▶ **WHAT TO PRODUCE**
Which lines of the data below contain "above"? Please show them all.

▶ **WORKING DATA**
===============
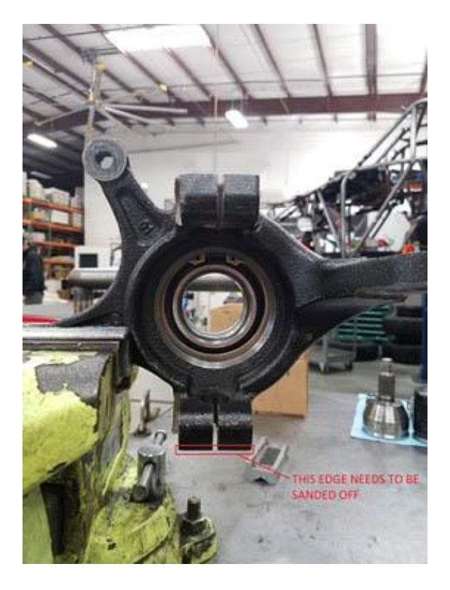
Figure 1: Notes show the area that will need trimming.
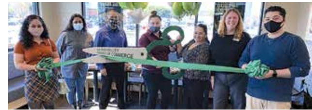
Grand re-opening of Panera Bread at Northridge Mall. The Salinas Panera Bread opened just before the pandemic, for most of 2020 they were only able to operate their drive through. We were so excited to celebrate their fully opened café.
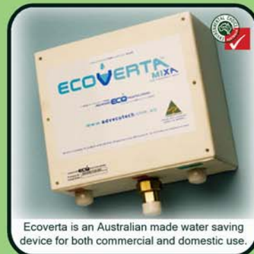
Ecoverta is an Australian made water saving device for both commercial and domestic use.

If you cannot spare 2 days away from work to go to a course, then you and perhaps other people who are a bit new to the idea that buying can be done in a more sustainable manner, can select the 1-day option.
===============
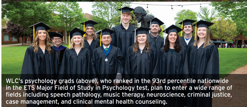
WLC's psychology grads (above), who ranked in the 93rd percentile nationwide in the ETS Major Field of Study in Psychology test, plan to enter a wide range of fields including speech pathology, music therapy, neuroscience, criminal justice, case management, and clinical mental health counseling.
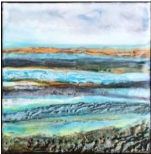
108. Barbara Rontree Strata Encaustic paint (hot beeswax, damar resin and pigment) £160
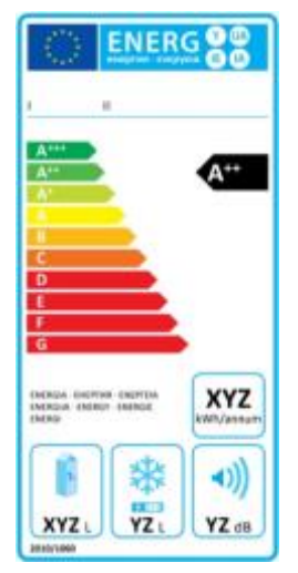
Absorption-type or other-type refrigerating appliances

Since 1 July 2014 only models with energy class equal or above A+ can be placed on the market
===============
▶ **RESULT OF THE EXERCISE**
WLC's psychology grads (above), who ranked in the 93rd percentile nationwide in the ETS Major Field of Study in Psychology test, plan to enter a wide range of fields including speech pathology, music therapy, neuroscience, criminal justice, case management, and clinical mental health counseling.
Since 1 July 2014 only models with energy class equal or above A+ can be placed on the market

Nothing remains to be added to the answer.